[RECORD EXCERPTS]
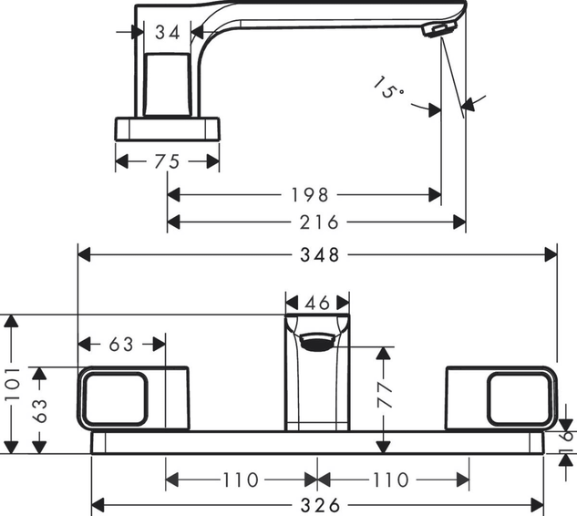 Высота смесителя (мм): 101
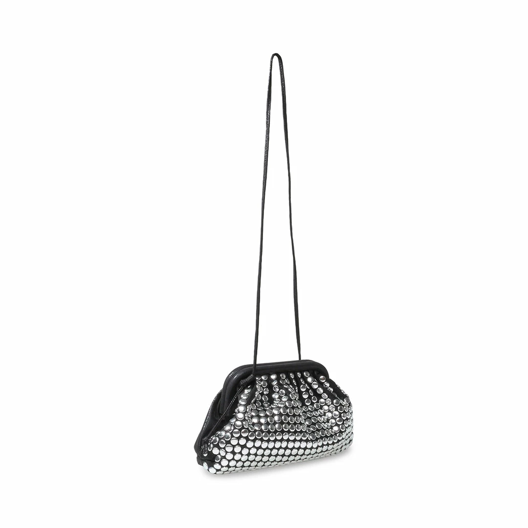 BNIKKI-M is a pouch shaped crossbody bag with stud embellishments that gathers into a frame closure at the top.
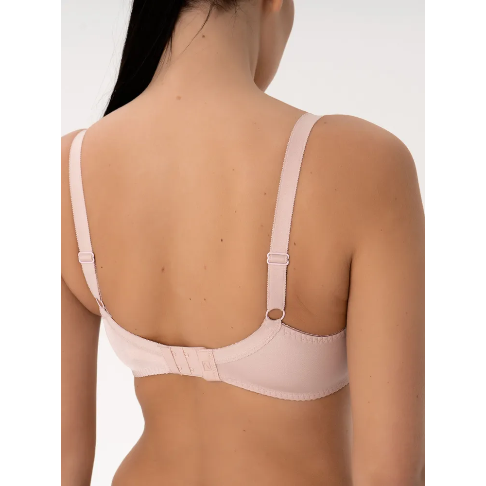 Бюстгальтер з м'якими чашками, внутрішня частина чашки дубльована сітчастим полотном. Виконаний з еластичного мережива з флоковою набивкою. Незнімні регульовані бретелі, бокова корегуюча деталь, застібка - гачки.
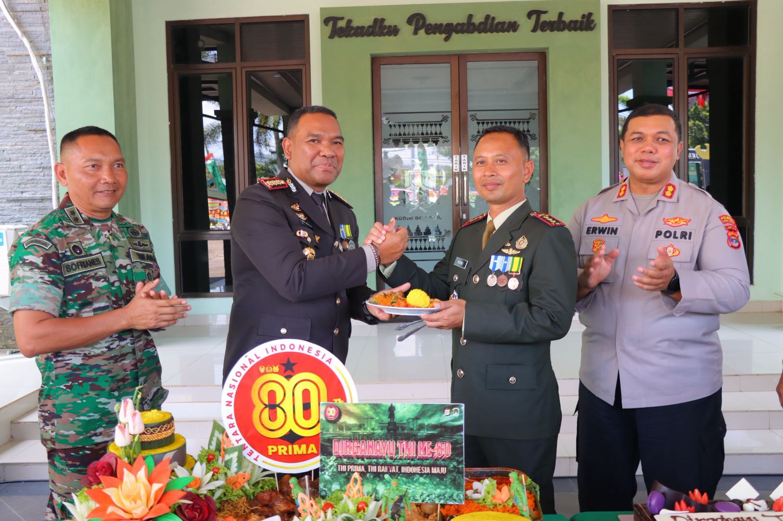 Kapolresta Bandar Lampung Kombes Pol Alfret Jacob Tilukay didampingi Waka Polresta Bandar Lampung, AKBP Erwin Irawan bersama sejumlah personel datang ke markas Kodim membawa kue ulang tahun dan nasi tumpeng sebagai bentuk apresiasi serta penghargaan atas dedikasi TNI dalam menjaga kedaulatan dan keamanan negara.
[/RECORD EXCERPTS]
[RECORD EXCERPTS]
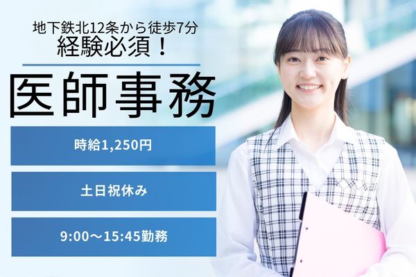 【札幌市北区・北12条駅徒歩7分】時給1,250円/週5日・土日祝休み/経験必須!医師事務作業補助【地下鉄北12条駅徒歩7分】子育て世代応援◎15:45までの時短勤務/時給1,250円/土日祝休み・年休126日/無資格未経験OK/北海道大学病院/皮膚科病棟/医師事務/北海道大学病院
[/RECORD EXCERPTS]
[RECORD EXCERPTS]
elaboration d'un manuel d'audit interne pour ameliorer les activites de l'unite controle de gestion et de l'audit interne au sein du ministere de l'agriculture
[/RECORD EXCERPTS]
* **EXERCISE AIM**
Within the material above, find the part that opens with the line containing "Высота смесителя (мм): 101" and closes with the line containing "BNIKKI-M is a", and reproduce it exactly without the pictures.

* **SOLUTION BELOW**
 Высота смесителя (мм): 101
 BNIKKI-M is a pouch shaped crossbody bag with stud embellishments that gathers into a frame closure at the top.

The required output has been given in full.